By: Evans Essienyi, AHI West Africa Associate
Population experts predict that Africa’s population will double from 1,037,524,058 in 2011 to 1,998,465,920 by 2050.The increase in population has been attributed to high birth rate, the decline in infant mortality, and an increase in life expectancy across the continent.
Population growth, coupled with rises in rural to urban migration has resulted in over populated cities. The growth of cities appears to have taken many city mangers by surprise, as they appear to have very little idea about how to manage the seemingly inevitable growth. City infrastructure gravely lags behind the population growth.
Housing is one of the resources that come under intense pressure when there is population explosion. Housing shortage in most African cities have reached worrying levels. This is evident in the increasing number of slums that are so visible in most cities. People who migrate to the city from rural areas construct their own shelter when there is no supply to meet their needs. These shelters are usually not adequate structurally or physically because owners meant them to be only temporary homes.
In most cities, affordable housing for the urban poor is non-existent. The lack of affordable housing supply and the high demand for affordable housing in Africa has been seen as a business opportunity by a number of business people in the West. For example, there are a lot of businesses in the US promoting prefabricated building methods as a means of providing affordable housing for the urban poor in Africa.
On the face of it, these prefabricated buildings seem to be a way out of the housing situation. What is missed by most of the proponents of prefab houses is that, houses serve more than the function of sheltering people in Africa. For most Africans, houses are an expression of their status in society. Houses are regarded as properties that must be passed on to future generations. As a result of this very important function of a house, mass produced houses that look alike, and lack any aesthetics does not serve the African vision of home ownership.
Some of the prefab houses being designed today have been estimated to cost between $10,000 -$20,000. By Western standards these houses may seem suitable and affordable. But by African standards these are not suitable even if they are affordable. Most Africans would not mind living in tin houses temporarily while they spend $20,000 over the long term to build their own suitable homes.
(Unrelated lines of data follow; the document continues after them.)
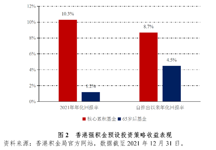 在2021年,核心累积基金及65岁后基金的回报分别为10.3%及1.2%。自2017年4月推出以来,核心累积基金及65岁后基金的年化回报分别8.7%及4.5%。
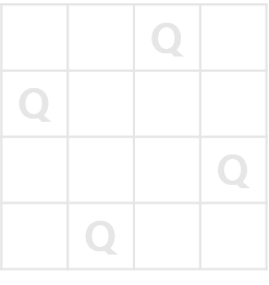 가로, 세로 길이가 n인 정사각형으로된 체스판이 있습니다. 체스판 위의 n개의 퀸이 서로를 공격할 수 없도록 배치하고 싶습니다. 예를 들어서 n이 4인경우 다음과 같이 퀸을 배치하면 n개의 퀸은
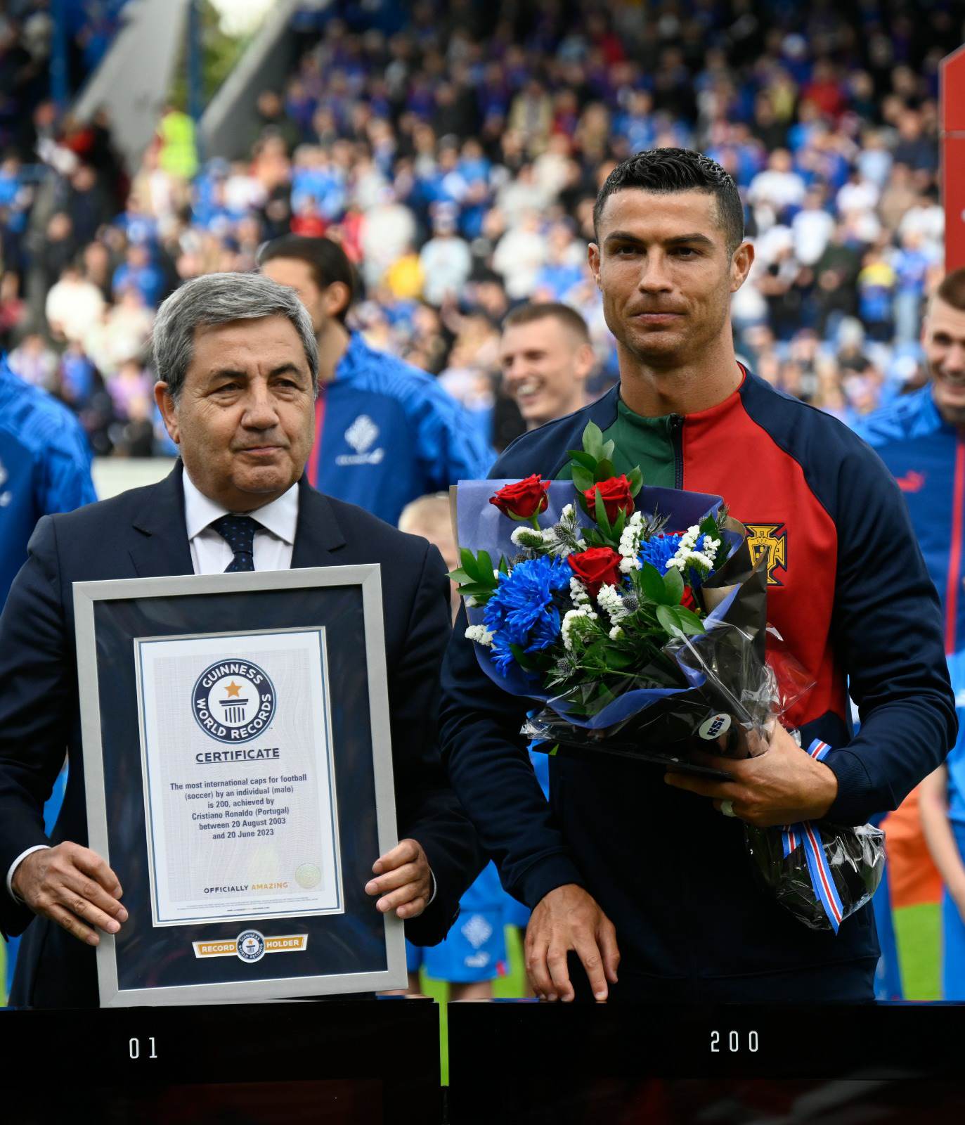 রেকর্ড আর রোনাল্ডো সমার্থক হয়ে গিয়েছে। আইসল্যান্ডের বিরুদ্ধে দেশের হয়ে ২০০ নম্বর ম্যাচে নামলেন। গিনেস বুকে নাম তুলে নিলেন। বিশ্বের প্রথম ফুটবলার হিসেবে ২০০টি আন্তর্জাতিক ম্যাচ খেললেন রোনাল্ডো। ম্যাচের বল গড়ানোর আগে রোনাল্ডোর হাতে ফুলের স্তবক এবং গিনেস ওয়ার্ল্ড রেকর্ডের তরফ থেকে শংসাপত্র দেওয়া হল। তবে গোলের জন্য পর্তুগাল এবং রোনাল্ডোকে অপেক্ষা করে থাকতে হল ৮৯ মিনিট পর্যন্ত।

Some of the prefab houses would pass for boxes, and I feel even though their intended recipients are poor and are supposed to be content, the houses are lacking in an important way: they are not reflective of the identity of the owner. Instead, they are mass produced, cookie-cutter houses. Most people will be reluctant to buy these houses.
I feel the solution in meeting the grave demand is to empower the poor in the cities economically. When their incomes grow, they will save to build their own houses.
Incremental building is the common method among the poor and the middle class. This is the prevalent method due to limited access to mortgage services in many parts of Africa. By economic empowerment either through job creation or funding of houses through Housing Microfinance, capital will be made available to the poor and the middle class for them to construct suitable houses over a relatively shorter time frame.